We constantly hear at the UK daily Covid press conferences that we must keep R <1 to avoid a second wave of infections. Prof. Chris Witty warns us that if R goes above 1 then we will see an “exponential” increase in cases. However any second wave will depend critically on the exact value of R, because R  defines both the speed of the outbreak and the total number of infections needed before it naturally ends. This is  because it runs out of (an R -dependent)  pool of susceptible (i.e. non-infected) people. This finally results in so-called  “herd immunity”. Figure 1 shows  some examples of how the rate of infections develop in time and severity for different values of R.

Fig 1. Infections for different values of R0. (cases for UK)

The initial rise is not really “exponential” but a power series R^\tau where \tau is the number of infection cycles. This strong dependence on R suggests that one possible strategy would be to restart the UK economy after lockdown but just try to keep R slightly above 1 – say 1.1. This would minimise total deaths in the long run and eventually achieve herd immunity,  unless of course a vaccine can be found to achieve this sooner (see fig. 2). The value of R becomes a pay off between the length of an outbreak and its severity. Measuring R would depend  on widespread public testing.

Fig 2. An epidemic with R=1.1 moves very slowly peaking only after 1.5 years but would minimise UK deaths  (this assumes IFR = 0.5%)

This strategy appears to be exactly that being adopted in Sweden, as explained by Professor Johan Giesecke in his lockdown TV interview. Sweden has adopted a limited social distancing policy but kept primary schools, bars  and restaurants open.
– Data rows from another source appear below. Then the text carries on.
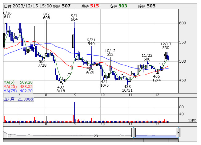 トゥルーD <日足> 「株探」多機能チャートよりTrue Data<4416>は14日、消費流通業界のデジタル化を促進するコンサルティング事業やDX研修を推進する今村商事と連携し、小売業向けAIツール「Potential Scan」の提供を開始することを発表。「Potential Scan」は、自社店舗の売上と市場全体との売上を比較したり、もっと売れそうなポテンシャルの高い商品を見つけたりすることで、売上アップにつながる伸びしろがどこにあるのかが簡単にわかる小売業向けAIツール。わずか数クリックで必要なデータが表示される簡便なダッシュボード機能と、もっと売れそうな商品をさがす商品ポテンシャルAI機能を搭載している。サービス開始は12月25日。
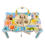 - Plusieurs activités en une : engrenages, perles, banc à marteler, boîte de formes, pêche magnétique
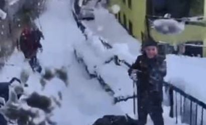 Yoğun kar sonrası belediye çalışması ile çocuk oyunları arasında sıcak karşılaşma
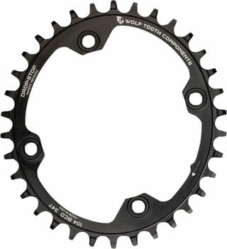 Designed for 104 BCD Mountain Cranksets. The proprietary design has an ovality of 10% and a timing of 112 degrees after top dead center which provide the benefits of an oval ring without the traditional downsides of oval rings. This chainring features the patent pending asymmetrical Drop-Stop tooth design for the best in wear life, mud clearance, and chain retention.
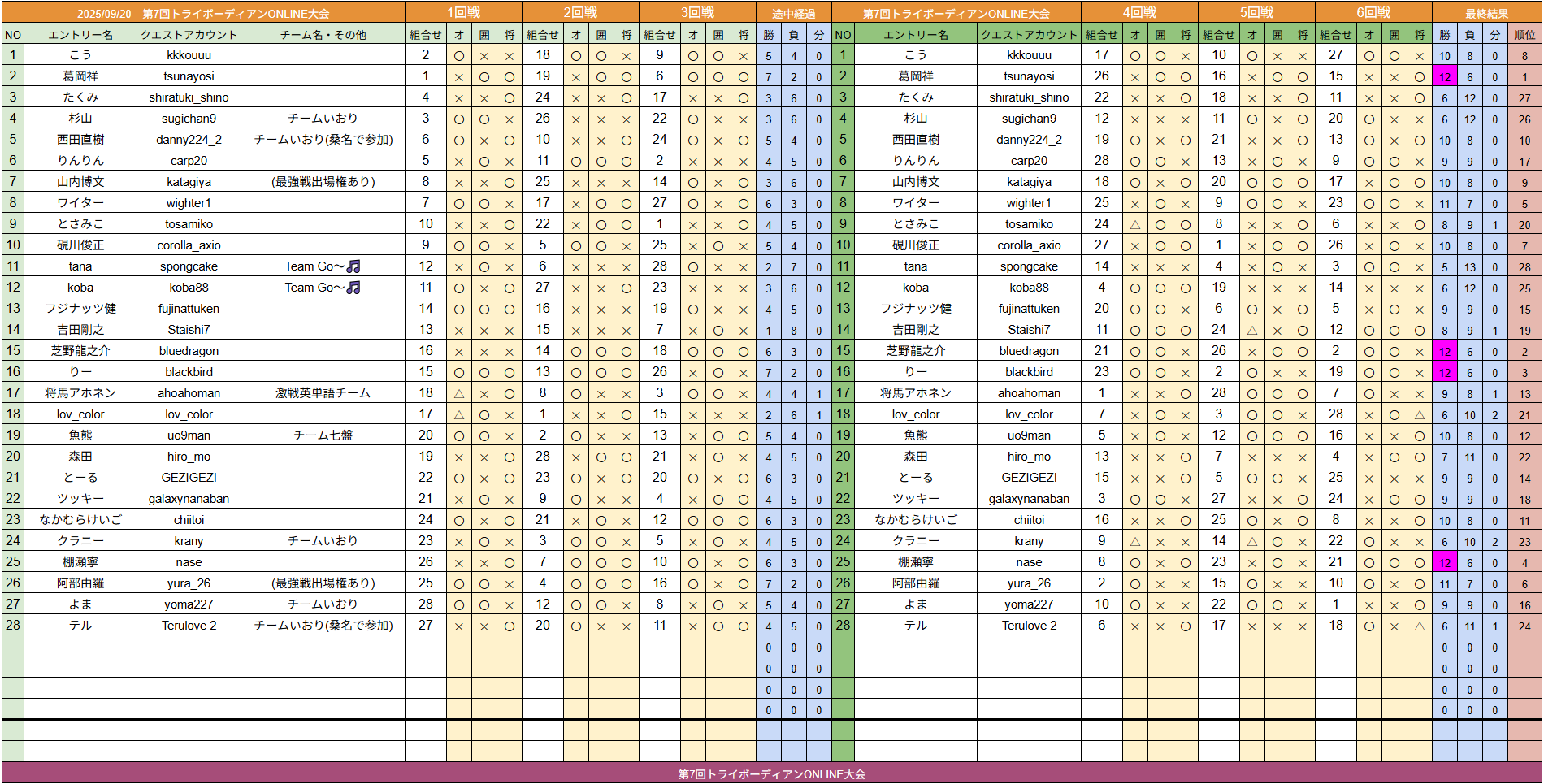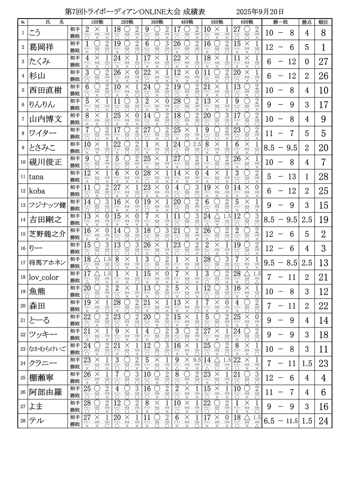 3種目の対局が完了しましたら、運営配信にお戻りいただくとともに両選手とも対局結果を対局結果報告用掲示板に書き込んでくださいませ。
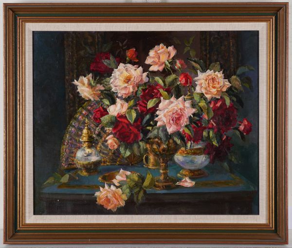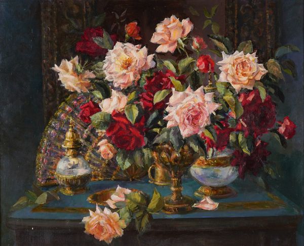 Still life of roses with a fan with artist's label (to backboard) oil on canvas-board 45 x 55cm ARR
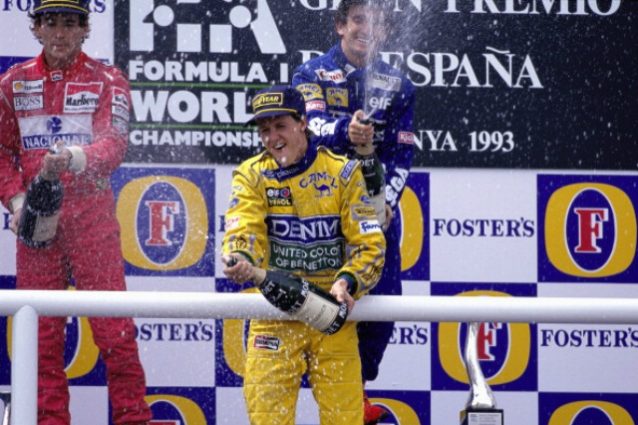 1993. A dominare sono le Williams-Renault di Prost e Hill, che infatti si prendono la prima fila anche di questo Gran Premio, davanti a Senna e Schumacher. La gara non è molto movimentata, e l’unico attimo di apprensione si ha al via, quando invece che la luce verde si accende quella gialla. Alla fine, la classifica vedrà vincere Prost, mentre Hill sarà costretto al ritiro per un problema meccanico. Scalano quindi di una posizione Senna e Schumacher, creando quindi, per l’unica volta della storia, un podio unico, comprendente (visto ovviamente a posteriori) 14 titoli mondiali e 183 vittorie, rendendolo il più vittorioso di sempre. Fu l’unica volta in cui i tre salirono insieme sul podio, e resta una delle fotografie più iconiche della storia dello sport.
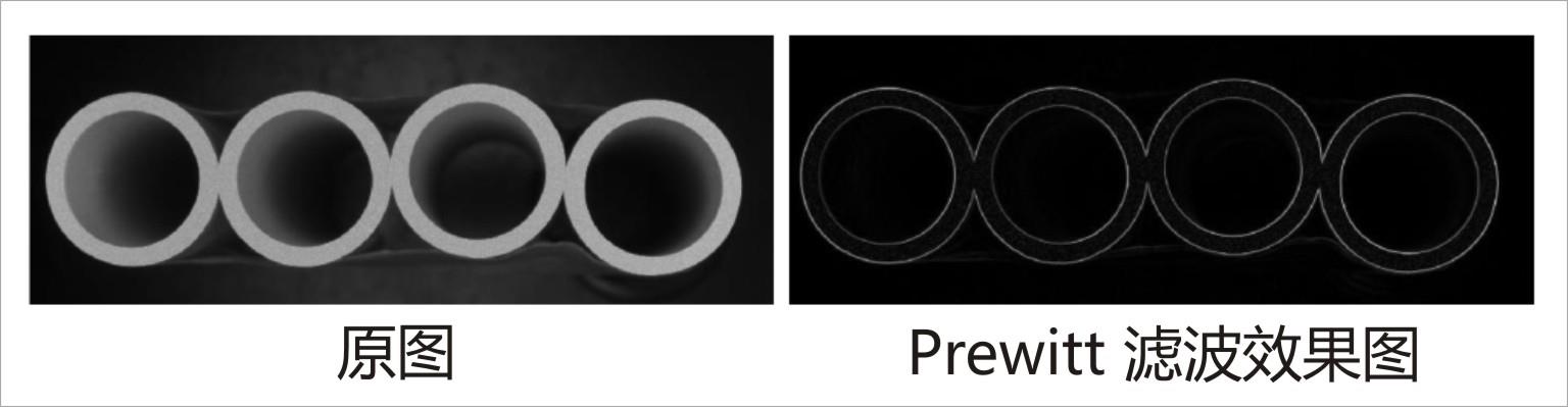Prewitt滤波是一种一阶微分算子,利用像素点上下、左右相邻点的灰度值差,在边缘处达到极值检测边缘,去掉部分伪边缘,对噪声具有平滑作用。其原理是在图像空间利用两个方向模板与图像进行邻域卷积来完成的,其效果如图8。
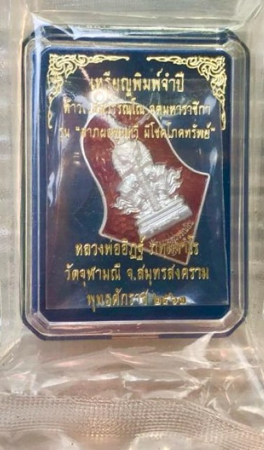 เหรียญจำปีท้าวเวสสุวรรณ พิมพ์เล็ก เนื้อเงิน รุ่นซื้อที่ดินปี 65 เลี่ยมพร้อมใช้ แดงเคาะแรก |
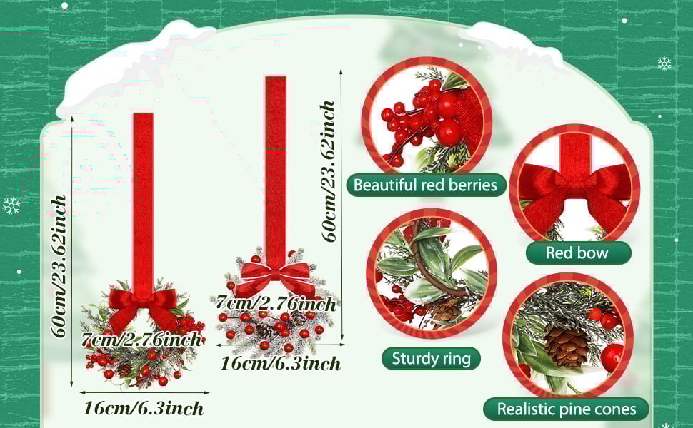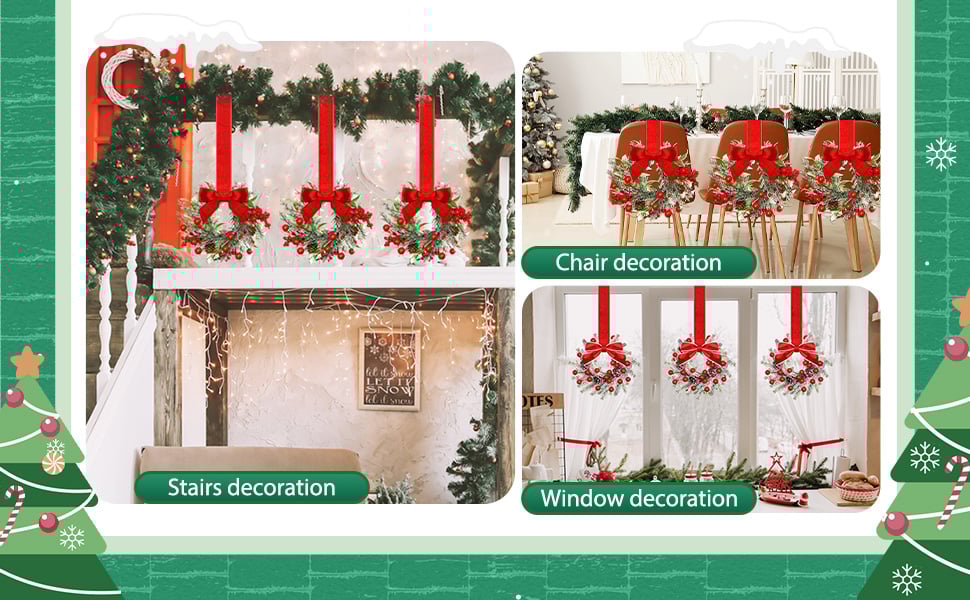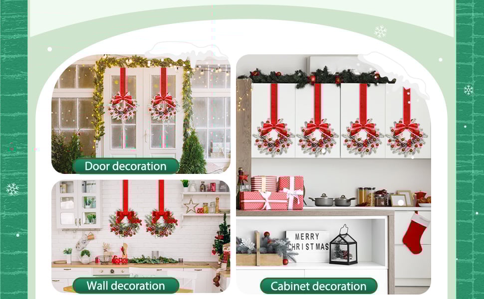 Detailed Decorative Features: the mini Christmas wreath for kitchen cabinets are decorated with berries, pine cones, red bows and so on; Their stylish, lifelike decorative features give them an authentic festive feel that is sure to impress
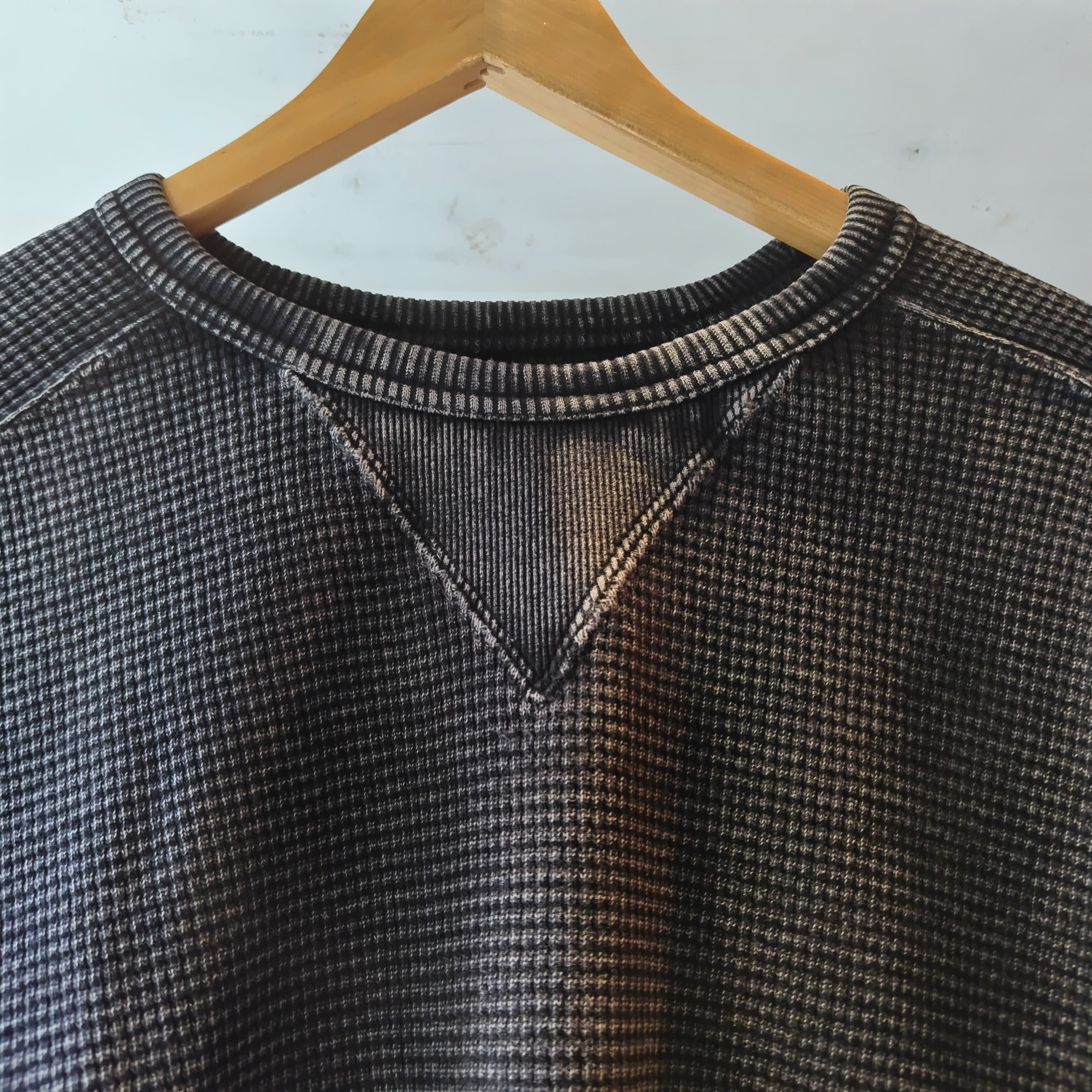 この染料を導入した結果、リアルな褪せ感とビンテージのディティールと古着で希少な素材感に1枚で着るのに嬉しい緩めのサイジングがドンピシャに融合して、ありそうで無いサーマルロンTが完成しました。

They are planning for herd immunity while at the same time minimising deaths.

These are incredibly difficult decisions for any government to take. Apparently successful countries like Taiwan, New Zealand, Hong Kong and Iceland may succeed to eradicate Covid-19 entirely.  However afterwards they would still need to isolate themselves from the rest of the world indefinitely in order to stop any possible reinfection. This is unsustainable long term. The global economy depends on trade and international travel. Any resultant collapse in global living standards would likely then cause more deaths than the virus itself.

Let’s hope a vaccine appears as soon as possible!